• WORK REQUEST: Below are records with pictures in them. Transcribe everything from the line containing "アユのつかみ取りと夕食を通じ" down to the line containing "Diaz Restrepo, A., Balcombe, K., Fraser, I.", exactly, and leave the pictures behind.

• INPUT DATA:
- Opening Delimiter -

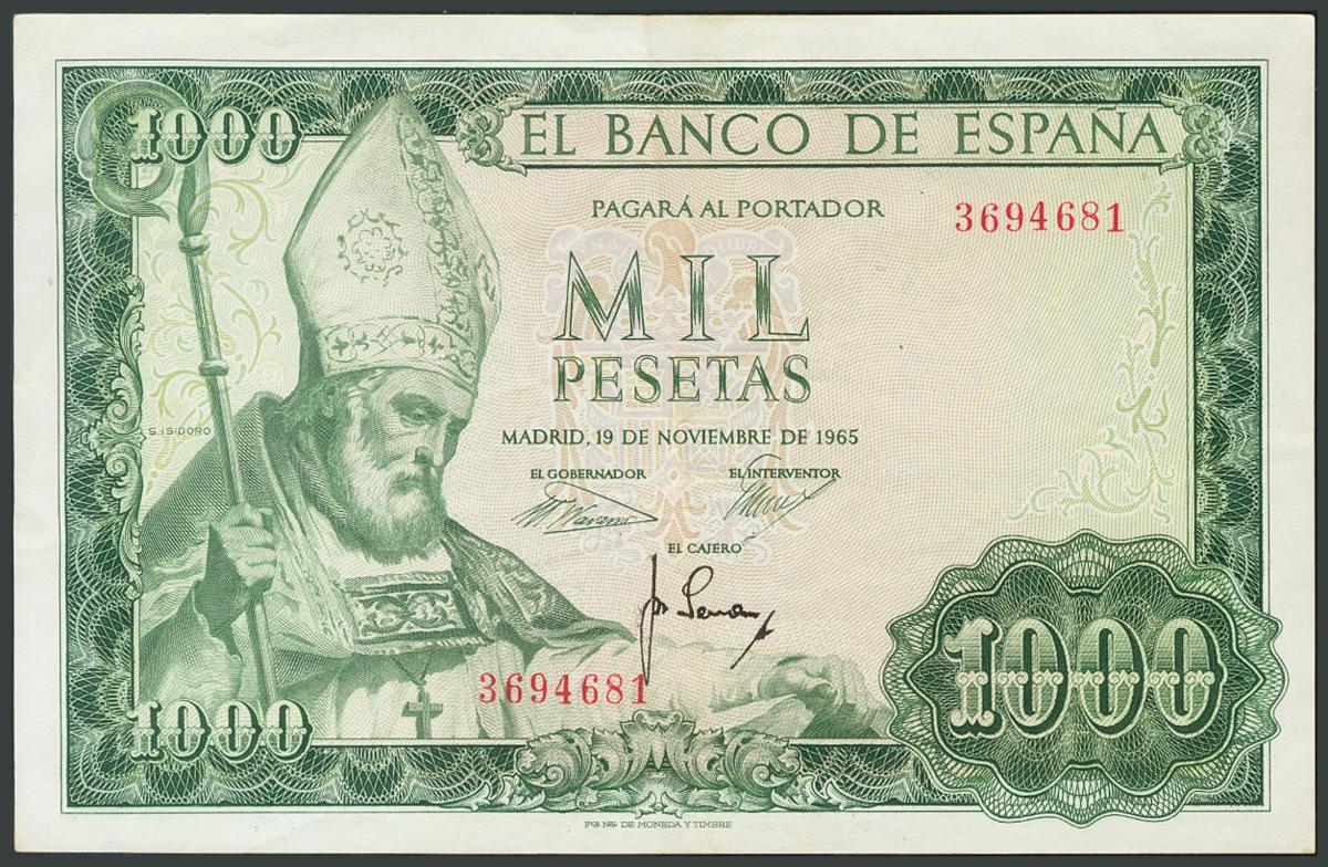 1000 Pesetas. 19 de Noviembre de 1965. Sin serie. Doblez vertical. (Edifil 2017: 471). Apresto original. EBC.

- Closing Delimiter -
- Opening Delimiter -

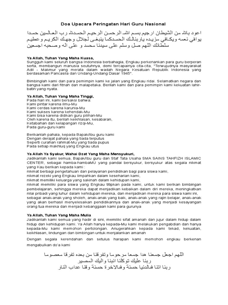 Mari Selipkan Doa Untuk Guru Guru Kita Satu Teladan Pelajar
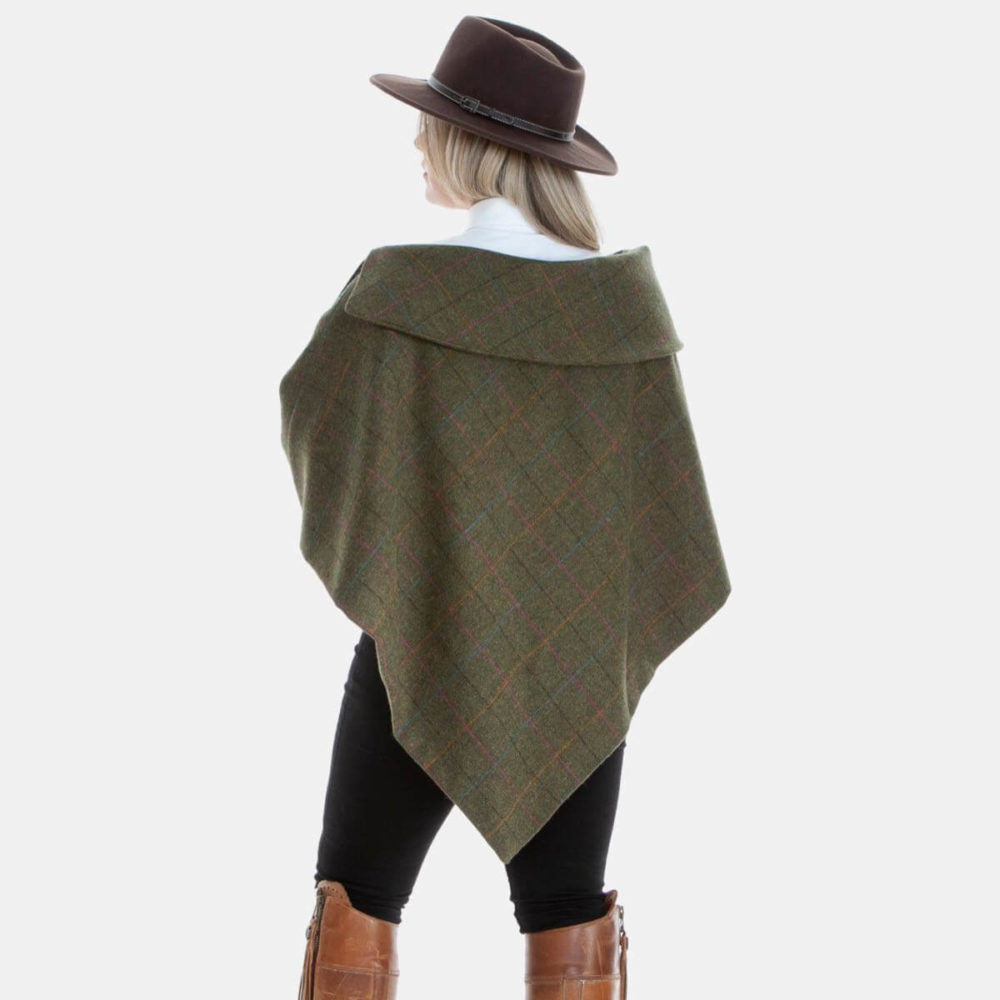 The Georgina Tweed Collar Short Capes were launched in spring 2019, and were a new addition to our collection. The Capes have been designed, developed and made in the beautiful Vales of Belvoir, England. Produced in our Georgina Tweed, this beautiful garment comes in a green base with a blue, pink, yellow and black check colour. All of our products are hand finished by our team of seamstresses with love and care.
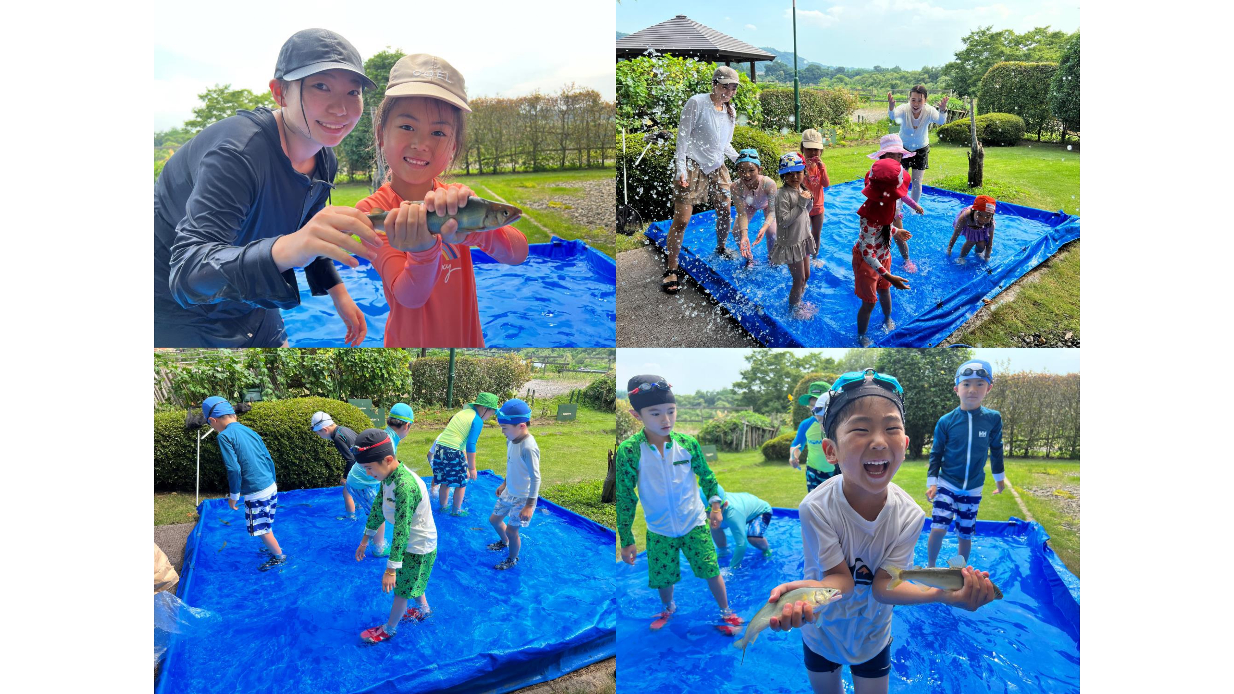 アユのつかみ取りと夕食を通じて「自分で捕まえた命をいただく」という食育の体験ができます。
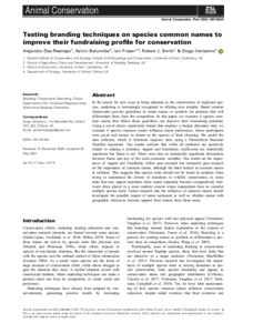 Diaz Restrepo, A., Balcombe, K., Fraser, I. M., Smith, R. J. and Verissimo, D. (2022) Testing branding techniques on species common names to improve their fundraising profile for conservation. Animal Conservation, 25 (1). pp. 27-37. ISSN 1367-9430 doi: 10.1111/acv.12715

- Closing Delimiter -

• RESPONSE AREA:
 アユのつかみ取りと夕食を通じて「自分で捕まえた命をいただく」という食育の体験ができます。
 Diaz Restrepo, A., Balcombe, K., Fraser, I. M., Smith, R. J. and Verissimo, D. (2022) Testing branding techniques on species common names to improve their fundraising profile for conservation. Animal Conservation, 25 (1). pp. 27-37. ISSN 1367-9430 doi: 10.1111/acv.12715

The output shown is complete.